The server / application monitoring field is filled with lots of options these days. The solutions vary greatly with feature set and management in mind.
There are various parameters distinguishing between these systems:
- Hosted (CloudKick, ServerDensity, CloudWatch, RevelCloud and others) vs Installed (Nagios, Munin, Ganglia, Cacti)
- Hosted solutions pricing plans use varied parameters such as price/server, price/metric, retention policy, # of metrics tracked, realtime-ness, etc.
- Poll based method – where collecting server polls the other servers/service vs. Push – where you have a client on the server that pushes locally collected data to logging/monitoring server
- Allowing custom metrics – not all systems allows monitoring, plotting, sending and alert on custom data (at least not in a easy manner)
My ideal monitoring system for any application that have servers running in the background should have the following features:
- Hosted – for when it doesn’t make sense for me to run the operations of this
- Open Source – for when the sweet spot leans towards me taking control of the operations and management of collecting my own statistics with a CLEAR path of migration between the hosted solution and my installed one
- Suitable for a cloud / virtual server environment – where servers go up and down and each server simply reports its data to the monitoring system without the need to pre-register it with the system. This suggests a small client running on each machine collecting local stats and relaying it to a central system
- Supports custom metrics – allowing me to add whatever stats I want be it operational (CPU, network bandwidth, disk space) or application related (such as number of sign ups or a specific function run time in milliseconds)
- Understand more than numbers – not all stats are equal. Some are counters which I just want to say “increment” or “decrement”. Others are single data points that I need to simply store. Others are special data points with a unit of measure (such as “milliseconds”, “Bytes/second”, etc)
- Locally installed client must handle network failures – if there is a network failure or a collecting server down time, stats will be stored locally and relayed to the collecting server when its available again
- Locally installed client should collect custom metrics – if I want to send some custom metrics from my app – say when a user signs up – my code would talk with the locally installed client and that client will relay the data to the collecting server. This ensures minimum configuration and my app code can assume that there is always a locally installed client which can communicate with the collecting server be it via UNIX sockets, UDP datagram, shared memory or anything else that is suitable for the job
- Data should be query-able – that is, I really want to query and filter more than just the timeframes of the data and general statistics on it (i.e. group by server, show specific servers, show values higher than X, etc)
- Reporting Console – somewhere to plot all these statistics which has embeddable graphs (for those who likes building their own dashboards)
- Built-in near real-time alerts – I want to be able to set alerts that go out near real time when collecting the data to a diverse set of outlets be it Email, Text Messages, Push Notifications, WebHook (for automating some auto handling of failures or problems), etc.

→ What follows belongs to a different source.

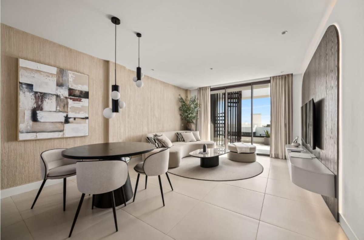 Ervaar een nieuwe standaard van wonen aan de kust met dit uitzonderlijke penthouse in Reserva del Higuerón, perfect gelegen op slechts 400 meter van de gouden stranden van Fuengirola. Deze stijlvolle woning met twee slaapkamers is ontworpen om indruk te maken en biedt een naadloze combinatie van moderne architectuur en ontspannen mediterrane charme. De woning ligt hoog boven de omgeving en biedt een spectaculair uitzicht op zee en een privé dakterras met jacuzzi – een uitnodigende plek om te ontspannen, te entertainen en te genieten van onvergetelijke zonsondergangen. Binnen bepalen strakke lijnen en eigentijdse afwerkingen de lichte, open indeling, waar de woonkamer en keuken naadloos in elkaar overlopen, omlijst door grote ramen van vloer tot plafond. De woning beschikt tevens over twee eigen parkeerplaatsen en een berging, wat zowel comfort als praktische voordelen biedt. Gelegen in een exclusieve, afgesloten woongemeenschap, profiteren bewoners van 24-uursbeveiliging en gecontroleerde toegang, wat zorgt voor een rustige en veilige omgeving. Verzorgde tuinen en serene groene zones omringen het complex, wat bijdraagt aan het gevoel van privacy en natuurlijke schoonheid. Een compleet aanbod aan hoogwaardige voorzieningen verhoogt het dagelijkse comfort, waaronder een modern fitnesscentrum, een luxe spa, elegante gemeenschappelijke lounges en speciale coworkingruimtes. De buitenruimtes beschikken over prachtig aangelegde tuinen, uitnodigende zwembaden en zonovergoten terrassen – perfect om de levensstijl van de Costa del Sol te omarmen. Schilderachtige wandel- en fietspaden completeren deze serene omgeving. De woning is ideaal gelegen en biedt directe toegang tot enkele van de mooiste stranden in de regio, evenals een breed scala aan voorzieningen, waaronder restaurants, winkelcentra, internationale scholen en zorginstellingen. Dankzij de uitstekende verbindingen met de snelweg AP-7 ligt de luchthaven van Málaga op slechts 15 minuten afstand, terwijl zowel de stad Málaga als Marbella binnen 25 minuten rijden te bereiken zijn. Dit penthouse is gelegen in de levendige en gewilde wijk Fuengirola en biedt een perfecte combinatie van design, locatie en levensstijl. Daarmee is het een uitstekende keuze als permanente woning, vakantiehuis of investering aan de Costa del Sol.

- API – because everything needs it
It is very important to me in almost any hosted SaaS (Software-as-a-Service) solution I use that I will have a clear migration path if (or when) the time comes and I need to host a certain sub-system on my own. Sometimes I do have to compromise and use a system that I may not have the ability to migrate (or at least not easily) but the decision is made consciously.

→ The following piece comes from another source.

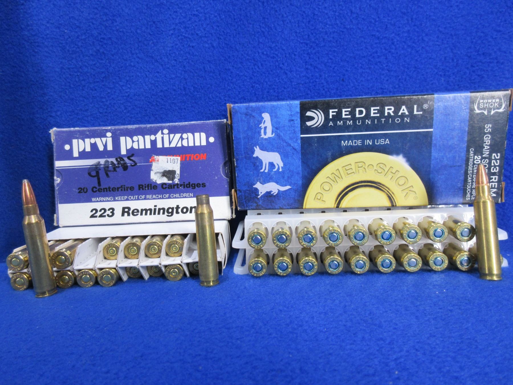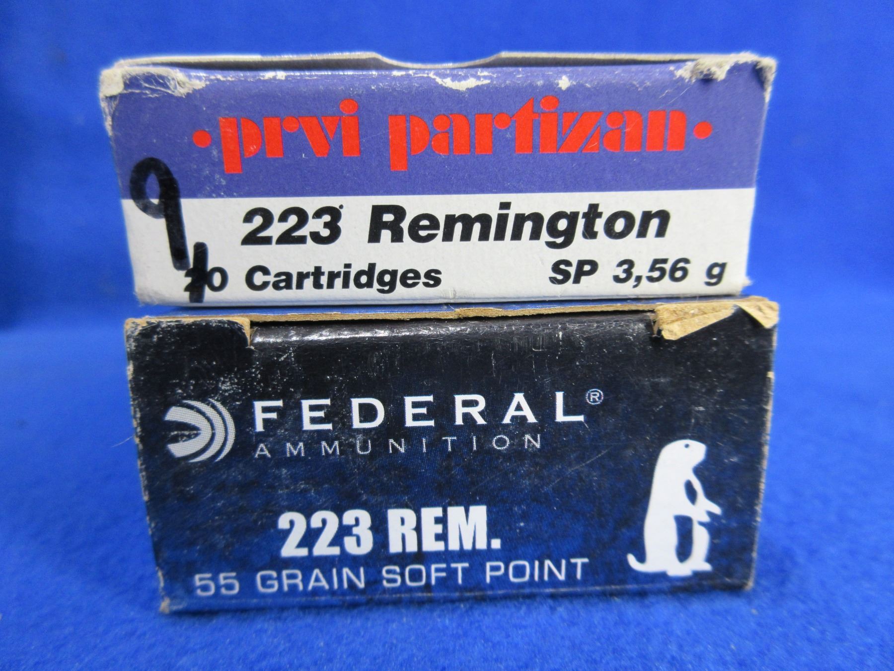 223 Rem. 55gr SP Federal and Prvi Partizan Cartridges - Box of 20 ( Federal), Box of 9 + 9 Brass (Prvi Partizan) - Must Ship Purolator

From an architecture point of view, I would like to see these main building blocks:
- Storage – Reliable, scalable, can handle lots of writes fast and handle any size of dataset for any reasonable retention period
- Collectors – clients push data to these collectors which gets it and pass it on the processors
- Processors – Handle incoming data to be written. Aggregate data for quicker reporting.

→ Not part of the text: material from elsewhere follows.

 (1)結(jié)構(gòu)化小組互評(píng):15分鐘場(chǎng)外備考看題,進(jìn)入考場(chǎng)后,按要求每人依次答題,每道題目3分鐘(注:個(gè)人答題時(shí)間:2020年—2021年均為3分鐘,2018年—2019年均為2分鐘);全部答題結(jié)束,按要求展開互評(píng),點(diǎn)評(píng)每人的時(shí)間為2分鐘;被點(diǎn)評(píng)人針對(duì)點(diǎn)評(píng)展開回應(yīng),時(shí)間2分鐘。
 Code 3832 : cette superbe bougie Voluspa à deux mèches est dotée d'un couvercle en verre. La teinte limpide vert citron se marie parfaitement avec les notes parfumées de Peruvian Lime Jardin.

- Reporting – something that will enable easy querying and filtering of the data
- Real time alerts monitoring – handle preconfigured alerts and figuring in near real time if certain conditions are met to issue the relevant alerts/actions
- Web Console – for configuration, querying and real-time plotting of data
- API for querying
- API for real time plotting – to be used for integration with other apps, embeddable chunks of code, etc.
While I’m sure with a little more thought more requirements can be added or some of these requirements can be merged and minimized, this set of features will create a system a lot of people would love to use and feel comfortable using.
Would you use such a system? Do you have anything else to add to the feature set?